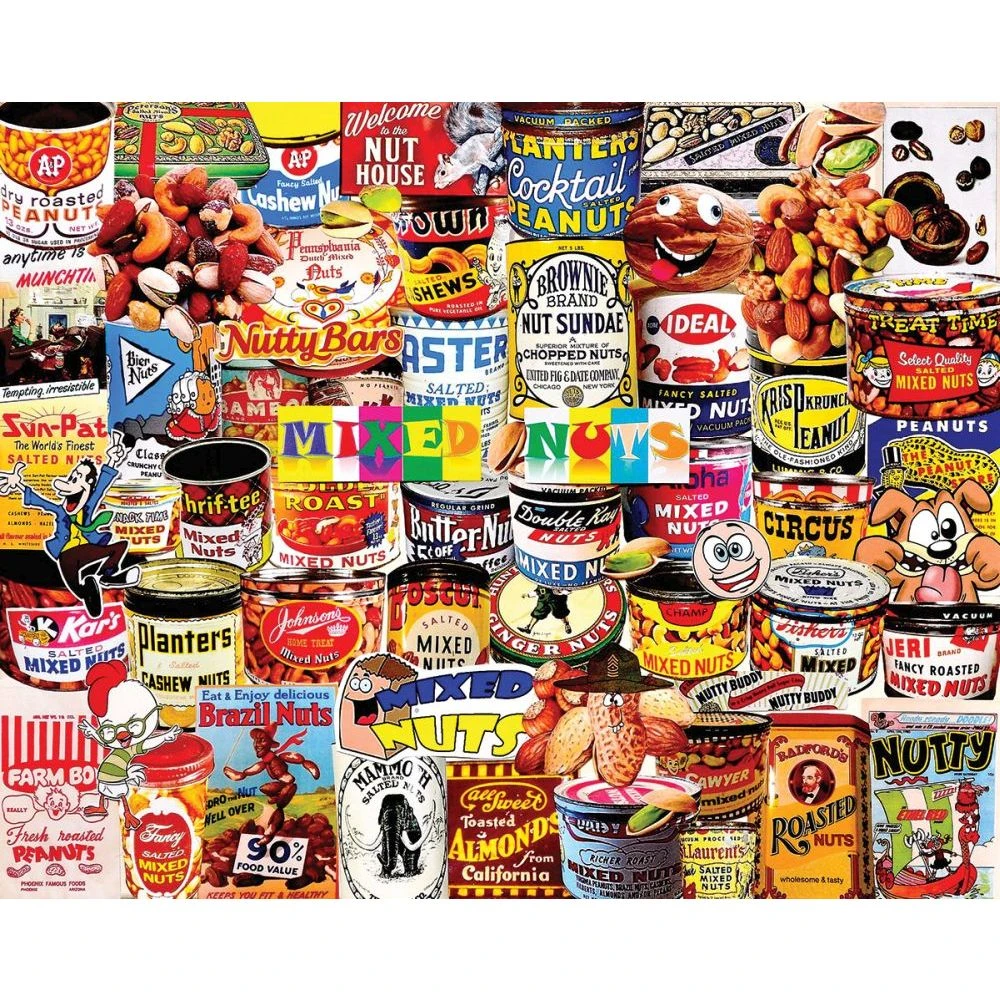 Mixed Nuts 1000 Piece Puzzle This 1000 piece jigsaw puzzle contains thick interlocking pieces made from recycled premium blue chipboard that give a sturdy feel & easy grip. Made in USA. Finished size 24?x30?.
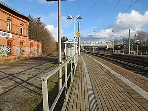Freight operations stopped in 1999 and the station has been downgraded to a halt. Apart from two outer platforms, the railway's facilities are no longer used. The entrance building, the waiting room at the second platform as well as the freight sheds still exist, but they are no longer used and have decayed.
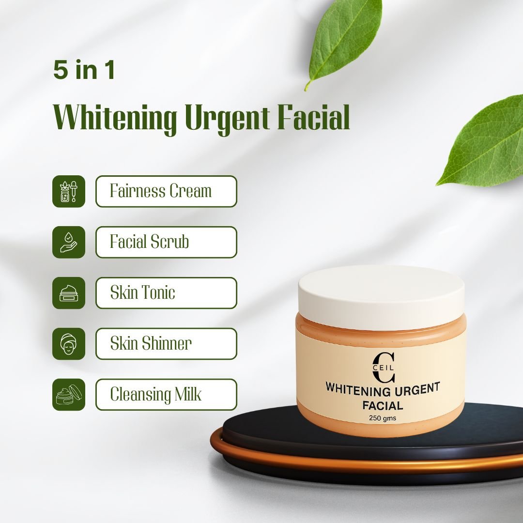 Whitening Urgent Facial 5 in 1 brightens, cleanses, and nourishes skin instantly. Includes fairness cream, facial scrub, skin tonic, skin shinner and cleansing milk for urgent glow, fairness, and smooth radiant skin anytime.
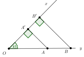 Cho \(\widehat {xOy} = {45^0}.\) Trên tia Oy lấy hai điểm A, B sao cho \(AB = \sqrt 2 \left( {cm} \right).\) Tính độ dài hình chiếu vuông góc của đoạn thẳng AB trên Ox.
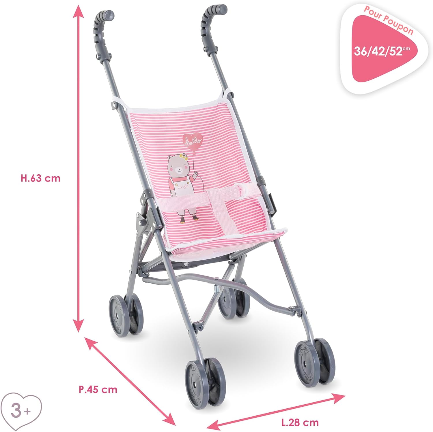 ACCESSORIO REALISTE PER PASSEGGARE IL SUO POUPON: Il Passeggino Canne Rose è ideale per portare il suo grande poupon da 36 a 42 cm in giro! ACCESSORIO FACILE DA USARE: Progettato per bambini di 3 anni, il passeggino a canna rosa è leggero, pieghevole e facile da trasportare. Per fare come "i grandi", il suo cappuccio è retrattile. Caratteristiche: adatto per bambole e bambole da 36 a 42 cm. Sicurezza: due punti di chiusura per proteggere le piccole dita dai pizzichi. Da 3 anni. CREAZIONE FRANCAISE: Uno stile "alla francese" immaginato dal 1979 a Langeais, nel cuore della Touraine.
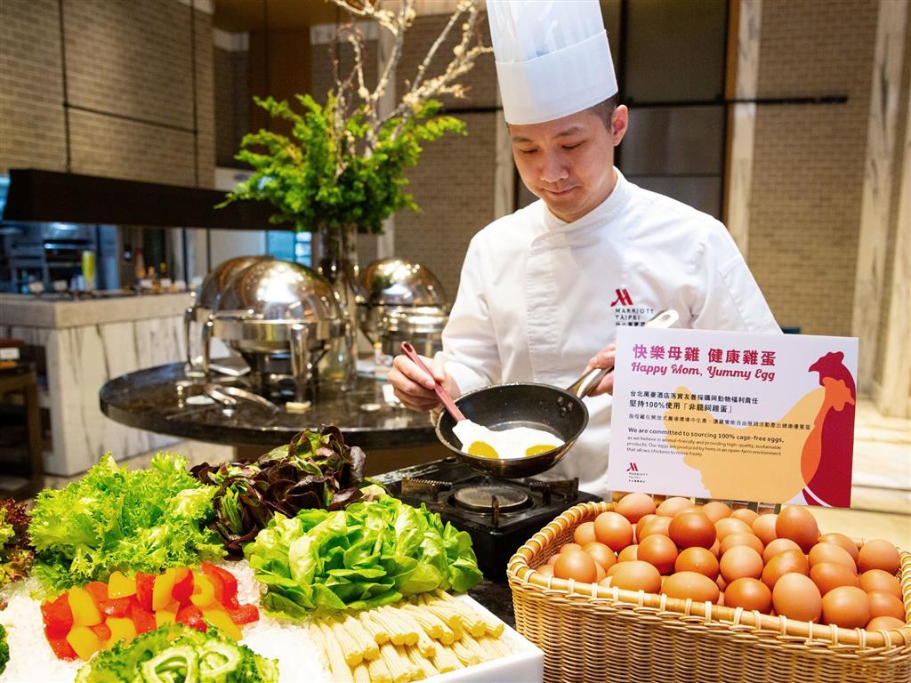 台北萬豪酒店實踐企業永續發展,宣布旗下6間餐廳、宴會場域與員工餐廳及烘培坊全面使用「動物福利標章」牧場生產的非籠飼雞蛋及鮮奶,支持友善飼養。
^^^^^^^^^^^^^^^^
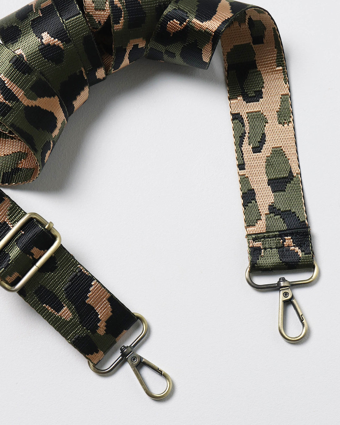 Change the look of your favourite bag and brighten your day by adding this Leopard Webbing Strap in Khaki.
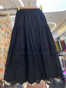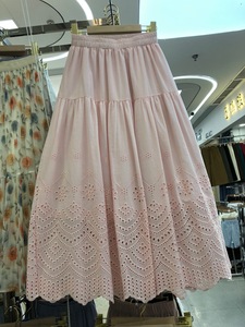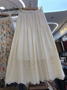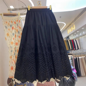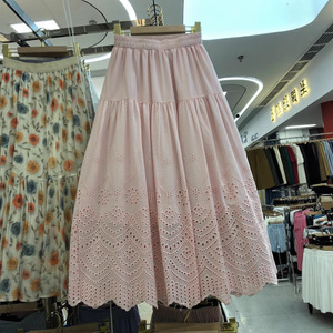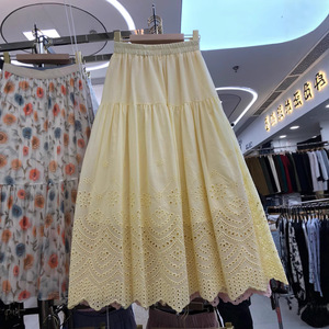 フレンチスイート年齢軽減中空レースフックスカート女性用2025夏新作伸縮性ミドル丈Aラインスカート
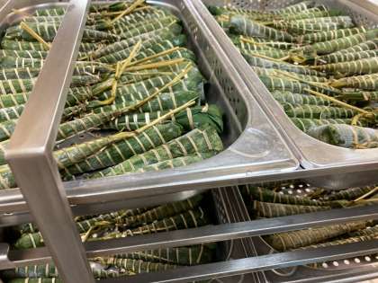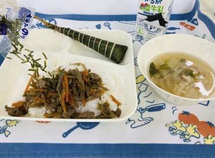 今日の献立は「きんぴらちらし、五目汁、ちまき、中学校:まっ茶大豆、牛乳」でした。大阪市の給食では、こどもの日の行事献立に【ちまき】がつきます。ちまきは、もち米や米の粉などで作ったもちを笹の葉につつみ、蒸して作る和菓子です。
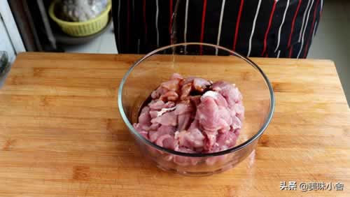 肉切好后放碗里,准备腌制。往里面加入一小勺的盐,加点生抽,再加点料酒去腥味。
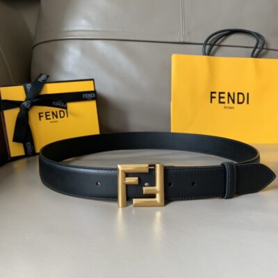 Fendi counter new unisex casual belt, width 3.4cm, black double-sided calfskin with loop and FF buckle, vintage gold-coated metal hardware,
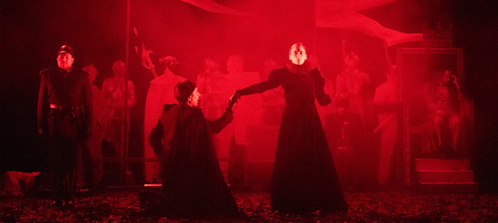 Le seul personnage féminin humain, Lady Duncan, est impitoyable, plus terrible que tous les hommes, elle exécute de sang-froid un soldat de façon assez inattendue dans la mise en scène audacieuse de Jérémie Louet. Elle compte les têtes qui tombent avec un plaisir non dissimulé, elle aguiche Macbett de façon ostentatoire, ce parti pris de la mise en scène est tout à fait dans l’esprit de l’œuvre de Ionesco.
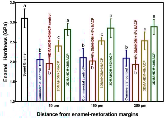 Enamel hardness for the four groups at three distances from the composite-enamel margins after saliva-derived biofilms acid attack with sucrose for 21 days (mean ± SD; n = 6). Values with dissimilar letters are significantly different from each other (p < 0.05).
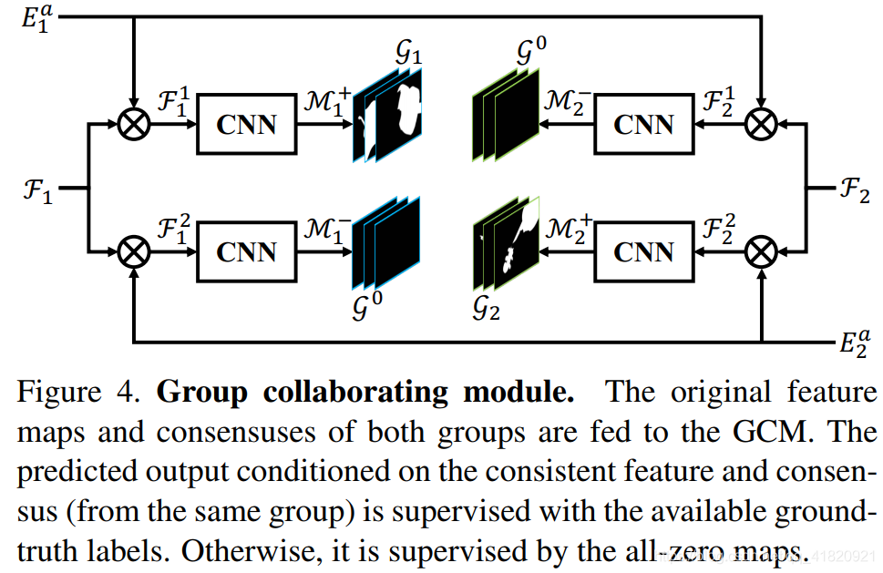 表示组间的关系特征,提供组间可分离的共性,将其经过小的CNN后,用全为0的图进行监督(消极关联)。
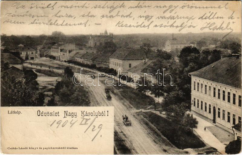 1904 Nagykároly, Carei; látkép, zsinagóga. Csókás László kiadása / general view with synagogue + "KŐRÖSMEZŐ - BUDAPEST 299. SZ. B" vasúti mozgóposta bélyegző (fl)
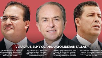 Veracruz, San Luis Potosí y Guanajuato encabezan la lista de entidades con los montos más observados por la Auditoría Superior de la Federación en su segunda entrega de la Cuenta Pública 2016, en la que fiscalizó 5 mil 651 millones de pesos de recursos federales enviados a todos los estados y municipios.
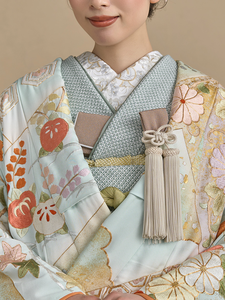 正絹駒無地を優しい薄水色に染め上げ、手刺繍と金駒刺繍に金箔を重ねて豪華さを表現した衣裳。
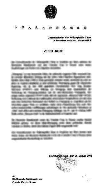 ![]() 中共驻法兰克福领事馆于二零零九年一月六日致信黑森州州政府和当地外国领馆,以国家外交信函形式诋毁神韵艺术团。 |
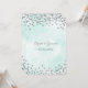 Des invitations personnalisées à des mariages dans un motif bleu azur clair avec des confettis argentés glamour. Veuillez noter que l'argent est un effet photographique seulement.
^^^^^^^^^^^^^^^^
• Your task
Reproduce exactly, with no pictures, the lines above from the one holding "今日の献立は「きんぴらちらし" to the one holding "Des invitations personnalisées", inclusive.

• Answer to this task
 今日の献立は「きんぴらちらし、五目汁、ちまき、中学校:まっ茶大豆、牛乳」でした。大阪市の給食では、こどもの日の行事献立に【ちまき】がつきます。ちまきは、もち米や米の粉などで作ったもちを笹の葉につつみ、蒸して作る和菓子です。
 肉切好后放碗里,准备腌制。往里面加入一小勺的盐,加点生抽,再加点料酒去腥味。
 Fendi counter new unisex casual belt, width 3.4cm, black double-sided calfskin with loop and FF buckle, vintage gold-coated metal hardware,
 Le seul personnage féminin humain, Lady Duncan, est impitoyable, plus terrible que tous les hommes, elle exécute de sang-froid un soldat de façon assez inattendue dans la mise en scène audacieuse de Jérémie Louet. Elle compte les têtes qui tombent avec un plaisir non dissimulé, elle aguiche Macbett de façon ostentatoire, ce parti pris de la mise en scène est tout à fait dans l’esprit de l’œuvre de Ionesco.
 Enamel hardness for the four groups at three distances from the composite-enamel margins after saliva-derived biofilms acid attack with sucrose for 21 days (mean ± SD; n = 6). Values with dissimilar letters are significantly different from each other (p < 0.05).
 表示组间的关系特征,提供组间可分离的共性,将其经过小的CNN后,用全为0的图进行监督(消极关联)。
 1904 Nagykároly, Carei; látkép, zsinagóga. Csókás László kiadása / general view with synagogue + "KŐRÖSMEZŐ - BUDAPEST 299. SZ. B" vasúti mozgóposta bélyegző (fl)
 Veracruz, San Luis Potosí y Guanajuato encabezan la lista de entidades con los montos más observados por la Auditoría Superior de la Federación en su segunda entrega de la Cuenta Pública 2016, en la que fiscalizó 5 mil 651 millones de pesos de recursos federales enviados a todos los estados y municipios.
 正絹駒無地を優しい薄水色に染め上げ、手刺繍と金駒刺繍に金箔を重ねて豪華さを表現した衣裳。
 ![]() 中共驻法兰克福领事馆于二零零九年一月六日致信黑森州州政府和当地外国领馆,以国家外交信函形式诋毁神韵艺术团。 |
 Des invitations personnalisées à des mariages dans un motif bleu azur clair avec des confettis argentés glamour. Veuillez noter que l'argent est un effet photographique seulement.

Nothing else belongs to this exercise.